The Sora team claims their product is too powerful for ordinary people to use at the moment.

2024-05-14 10:41:40

New Video Generation Model “The Coronation of a New King,” Why Has Sora Become a Global Focus? Since 2023, multimodal video generation technology has made significant progress and breakthroughs, forming an accelerating trend of development. Particularly noteworthy is that by February 2024, OpenAI’s video generation model Sora has attracted widespread global attention. The name Sora

New Video Generation Model “The Coronation of a New King,” Why Has Sora Become a Global Focus?
Since 2023, multimodal video generation technology has made significant progress and breakthroughs, forming an accelerating trend of development. Particularly noteworthy is that by February 2024, OpenAI’s video generation model Sora has attracted widespread global attention. The name Sora is derived from the Japanese “そら”, symbolizing the vast expanse of the sky, representing its infinite creative potential.
Compared to its predecessors like Runway, Pika, VideoPoet, etc., Sora has clear advantages in terms of video generation effects and quality. Its outstanding performance has made it one of the most prominent models. Professionals say about Sora: “Sora’s debut came ahead of our expectations, OpenAI brought us a pleasant surprise ahead of schedule.”
Although Sora did not introduce a completely new theoretical framework, it has shown high comprehensive performance through the efficient integration of existing technologies. It is analyzed that the DiT structure adopted by Sora is based on the concept of the Diffusion Transformer from a paper presented at the recent ICCV 2023 conference in the field.
In terms of the specific technical methods for building the model, Sora adopted a different approach from previous models. Previous models were based on diffusion model technology, using hints added with Gaussian noise (prompts), and rendering frame by frame through a U-Net network. However, due to the lack of long-span temporal connections, videos could often only be generated for a few seconds and suffered from severe frame-jumping issues. In comparison, Sora uses a Transformer instead of U-Net to maintain the coherence of the video across the timeline and can adapt to different aspect ratios, generating longer and better-quality videos.
It is reported that Sora can now generate videos up to one minute long, and theoretically, it can produce even longer video content. However, doing so brings more uncertainties and requires significantly more computing resources. An industry expert pointed out: “It’s relatively simple to innovate from zero to one, but further improvements require a qualitative leap and the difficulty increases significantly.”

In the current field of video generation technology, maintaining consistency between characters and scenes is an important and challenging task. For example, in a generated continuous video sequence, the appearance features of the protagonist and the supporting characters, such as face shape, skin tone, eye size, and the position of moles should remain unchanged. However, models like Sora currently cannot guarantee that characters maintain complete consistency in every frame of the generated videos. There are also issues with scene consistency; different camera angles may introduce changes, and maintaining the continuity and authenticity of scenes is crucial. Solving these problems helps achieve effects close to what film companies expect.

Furthermore, there is a diversity of opinions within the industry regarding the specific implementation of the “world model” by Sora.OpenAI even claims that Sora’s extended video generation model will build a universal simulator for the physical world. However, this statement has not been accepted by all experts. For example, Turing Award winner Yann LeCun has suggested that Sora does not truly understand the physical world and remains skeptical of its attempts to implement a “world model.”

If Sora can show a higher level of understanding in processing video content—such as maintaining consistency in the plot and logic before and after supplementing a video segment—then it will make a significant leap in simulating the real world. This would mean that Sora understands the world not just visually but is able to deeply grasp video content, including physical laws and social norms. Just as in movies where the plot resonates throughout, if Sora can achieve a similar effect in video generation, it would indicate that it has developed a longer causal chain understanding, marking an important milestone in its evolution.

Sora is currently in its early stages of development, reminiscent of the initial stages of GPT-3. Although it has demonstrated certain capabilities, it is still far from reaching the maturity of ChatGPT. Nevertheless, the rate of progress for Sora is quite rapid, and it is expected to continue evolving quickly in the future.
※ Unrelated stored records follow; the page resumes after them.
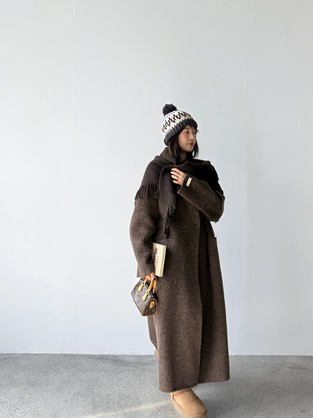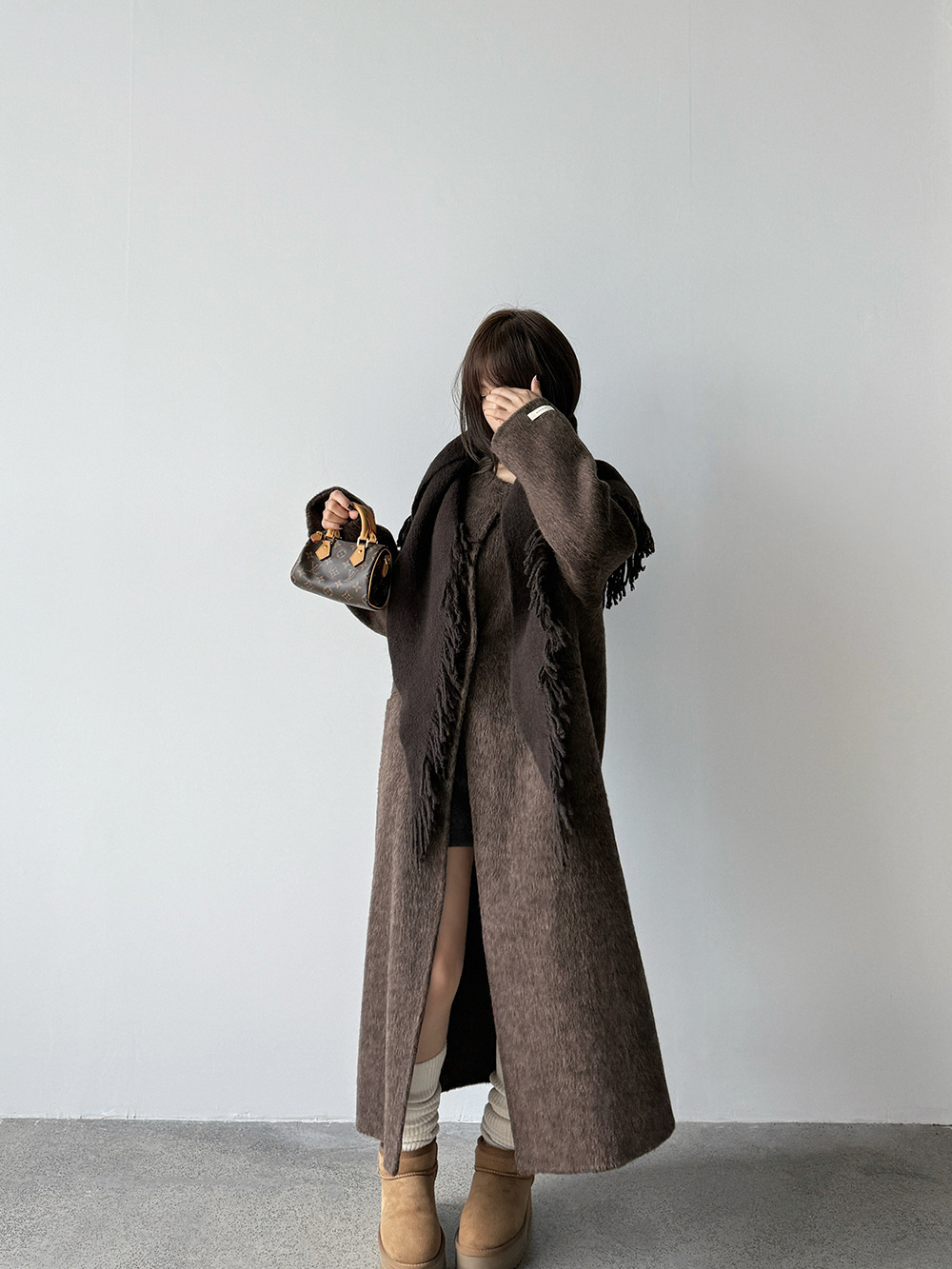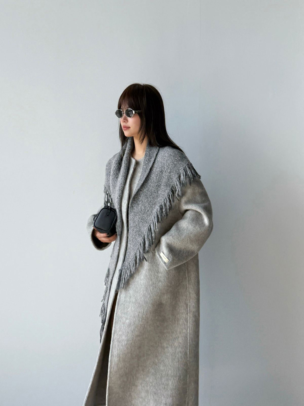 【王琪芝】绵羊毛韩系气质双面呢大衣女配围巾保暖厚长外套WQ086
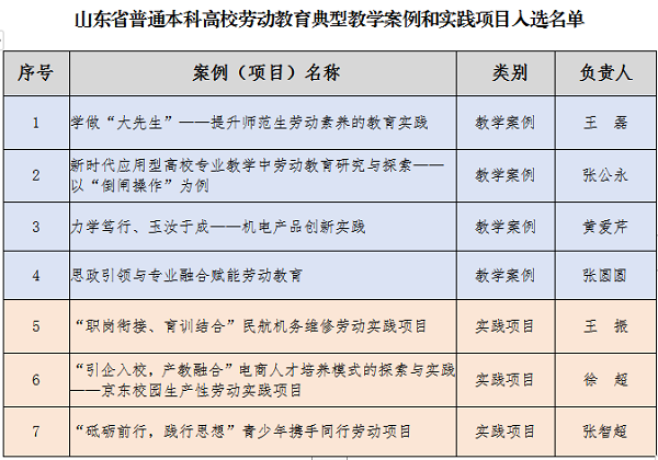 我院1项目入选山东省普通本科高校劳动教育典型实践项目
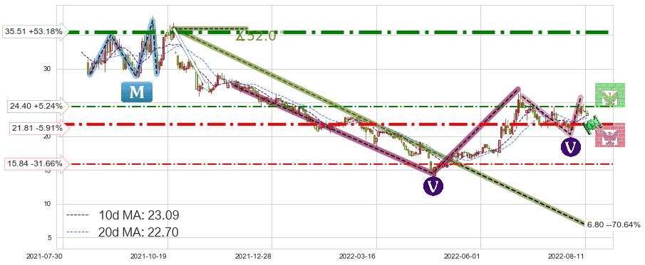 ♘ 阻力价格位24.40,可信任强度53.40%,距离最后交易2022-08-12形成的收盘价格23.18相差 +5.24%
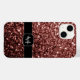 Brown Red faux Glitter sparkles Monogram Case-Mate iPhone Case. Personalize faux sparkly girly iPhone case with your initial and name. Beautiful glamourous reddish earthy brown shiny glitters sparkles. Photo of Red Brown sparkles not actual glitter!
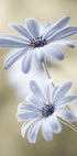 Ein frisches und leuchtendes botanisches Kunstwerk mit Kap-Gänseblümchen in voller Blüte. Mit zarten weißen Blütenblättern mit sanftem Violettstich und schlanken grünen Stielen fängt diese leuchtende Blumenkomposition die Essenz von Sommergärten ein. Perfekt, um jedem Raum eine natürliche und elegante Note zu verleihen.
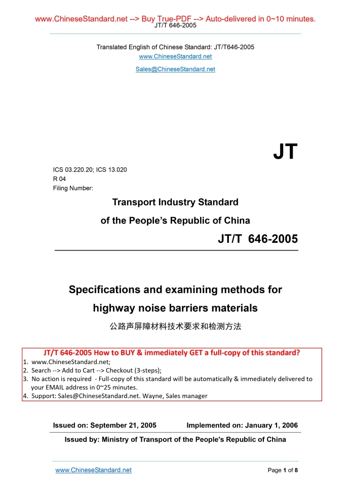 JT/T 646-2005: Specifications and examining methods for highway noise barriers materials Delivery: 9 seconds. True-PDF full-copy in English & invoice will be downloaded + auto-delivered via email. See step-by-step procedure Status: Obsolete JT/T 646: Historical versions

It is anticipated that there will be many breakthroughs by the year 2024.

At present, Sora is still not open for public use. During a recent interview, core team members of Sora mentioned that given its powerful capabilities, it is not yet suitable for immediate use by the general public. OpenAI is actively collecting user feedback and engaging in extensive safety-related work. According to a previous statement by OpenAI’s CTO Mira Murati, Sora could be publicly tested as early as this year.

The foundational model Sora will have a comprehensive impact on all industries, especially in film and television, e-commerce, and gaming, where Sora will spark endless new creativity. The film and television industry will particularly benefit from Sora’s technology, as this imaginative model has an incredibly broad scope of practical applications in the industry.

In the film production field, the workflow is complex and highly interconnected. Once a screenplay is completed by the writer, the project moves into the stage of finding a suitable director. At this point, whether it’s in Hollywood or a well-known domestic production studio, production teams commonly make a 30 to 40-minute sample reel to showcase the core content of the movie. This refined edit must demonstrate the plot, characters, environment, and special effects, and it also serves to prove the project’s innovation and market potential to potential investors. Formal investment only begins once investors are convinced of the project.

But the cost of this part is not small, with expenses ranging from 10,000 to 20,000 yuan per minute. After the introduction of video generation technologies like Sora, this cost is expected to be significantly reduced, possibly to just a few thousand yuan per minute. The application of Sora can also eliminate the troublesome processes of scene setup, special effects production, and post-production in filmmaking, greatly improving efficiency.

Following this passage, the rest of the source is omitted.